The Trump Event

Alain Badiou’s work is both needlessly obscure and rather appalling. But the gist is that he argues for an ethics and politics of what he calls “the Event,” which is a kind of rupture in the normal run of things. The paradigmatic instance of an Event, in his view, is falling in love. He has in mind the kind of “lightning strike” some people may experience, which completely transforms their sense of who they are and how their life is to be lived. (This is not so secretly modeled on a version of Christianity, wherein the convert is happy to sacrifice all earthly satisfactions (which the stroke of faith suddenly reveals as false or inadequate—so is it really a sacrifice?) in favor of the Ultimate Satisfaction found in unconditional identification with a transcendental reality.) Crucially, for Badiou, one only becomes a genuine human being (or “subject”) by way of such an Event. Once in love, one “keeps the faith” by allowing oneself to remain possessed by its alien(ating) force.

The same sort of thing is allegedly possible in science (e.g., Copernicus or Galileo) and art (e.g., Picasso). A scientific paradigm shift or a radical aesthetic innovation retroactively reorganizes the basic coordinates of the entire domain, transforming the very meaning and purpose of the activity.

Politically, Badiou has the unmitigated gall to identify the Event with revolution, and especially the communist variety. Among other things, this means that there is no politics outside of such Events; what we do the rest of the time is just ideological conformity. Most importantly, it means that the Event “is a “possibility in the name of which you act,” or “an elevation to a different order” that we experience as upheaval, disruption and disorientation. It is literally impossible to anticipate where the Event may lead us, and this is what demands our fidelity to its Truth.

For some inexplicable reason, Badiou just assumes that the unconditional freedom introduced by revolution is a good in itself, no matter the outcome. Mao is as good as Gandhi. And in fact, Badiou is highly complimentary of Mao in particular.

The parallel to Trumpism is not hard to see. Perhaps the clearest and most important sign that Trump is an Event in Badiou’s sense is the obsessively expressed puzzlement concerning the stark contrast between what conservative voters and politicians long claimed to believe before Trump’s campaign and their unyielding support for him in the wake of his election. Enormous quantities of digital ink and airtime have been spent on versions of this question: Has Trump revealed what the conservative movement and/or the Republican party have always been, or does he represent a new direction for them?

The question is badly put but, from Badiou’s perspective, inevitably so. Understood as an Event, Trumpism is both new and revelatory; it consists precisely in abolishing the distinction between its historical precedents and its ongoing manifestation. As an Event, it retroactively transforms the historical development leading up to it. And through this Event, the right appears in a wholly new light, discontinuous with itself yet somehow always destined to arrive at Trump.

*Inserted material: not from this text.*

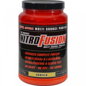 NitroFusion Multi-Source Protein Formula Vanilla Description: 100% Natural Multi Source Protein Advance Complete Protein Infused BCAAs and L-Glutamine Hypoallergenic and Gluten Free No Dairy – No Soy – No Animal Protein 21 g Nitrogen Infused Technology – Complete Plant Sourced Protein – Contains all Essential and Non-Essential Amino Acids – More BCAAs and L-Glutamine than Whey – 21 g of Concentrated Protein in One Heaping 30 g Scoop – 100% Natural, No Artificial Colors or Sweeteners – Lactose Free, Easily Digested, No Stomach Irritation – Hypoallergenic, Vegan Approved, Non-GMO – Cholesterol Free, Low Glycemic Load – Mixed Easily, Uncommonly Great Taste Free Of Gluten, dairy, soy, animal ingredients, lactose, artificial colors, sweeteners and GMO. Disclaimer These statements have not been evaluated by the FDA. These products are not intended to diagnose, treat, cure, or prevent any disease.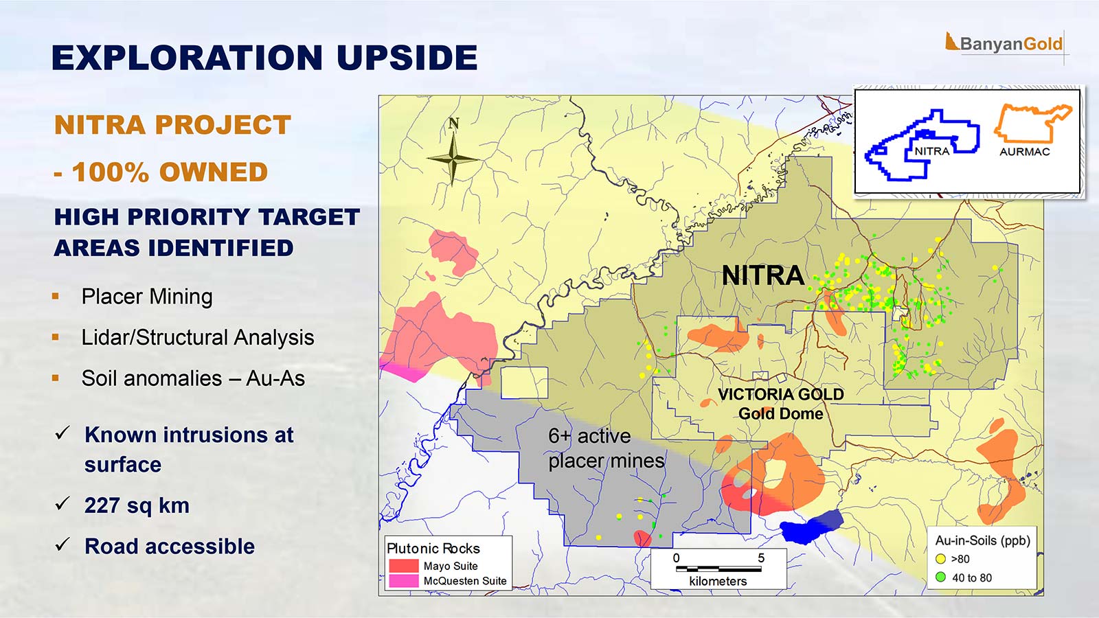 The 100%-owned Nitra property comprises 593 claims spanning 117 sq km and has known intrusions at surface. The Banyan team believes, based on prospecting, that the Nitra property exhibits similar geological potential to AurMac.

This is why Trump supporters are unconditionally committed to his Presidency. Their very subjectivity is predicated on its advent. It simply no longer relies on or responds to the erstwhile coordinates of the symbolic order. Every element of that order henceforth acquires a new meaning, from “democracy” to “Christianity.” So it is no longer a question of consistency with prior ideological commitments, or hypocrisy, or exposure of some deeper truth (e.g., white supremacy, patriarchy) concealed by those commitments. Instead, for his supporters it is literally true that “everything is different now,” on account of the Trump Event. They are new people, in much the way Paul ceased to be Saul of Tarsus upon the Event of his conversion.

All of which reveals a disturbing dimension of Badiou’s politics. Not only is it incapable of discriminating between emancipatory/egalitarian and oppressive/tyrannical events, but it seems rather powerfully to side with the latter. One need not think too hard to discern the ideological valence of Christian conversion; after all, the promise of infinite heavenly reward was used for centuries to legitimate brutal earthly sacrifice.

But the issue is not whether Badiou’s theory is coherent or correct. After all, it could be that the only durable, just and satisfying form of political association requires a Hobbesian Leviathan or its functional equivalent. What troubles me is that to accept Badiou’s theory is to conclude that disasters like Trumpism must be granted the same dignity as the founding of a democratic or communist society. Which is to say that if Badiou is in fact right, I’d rather be wrong.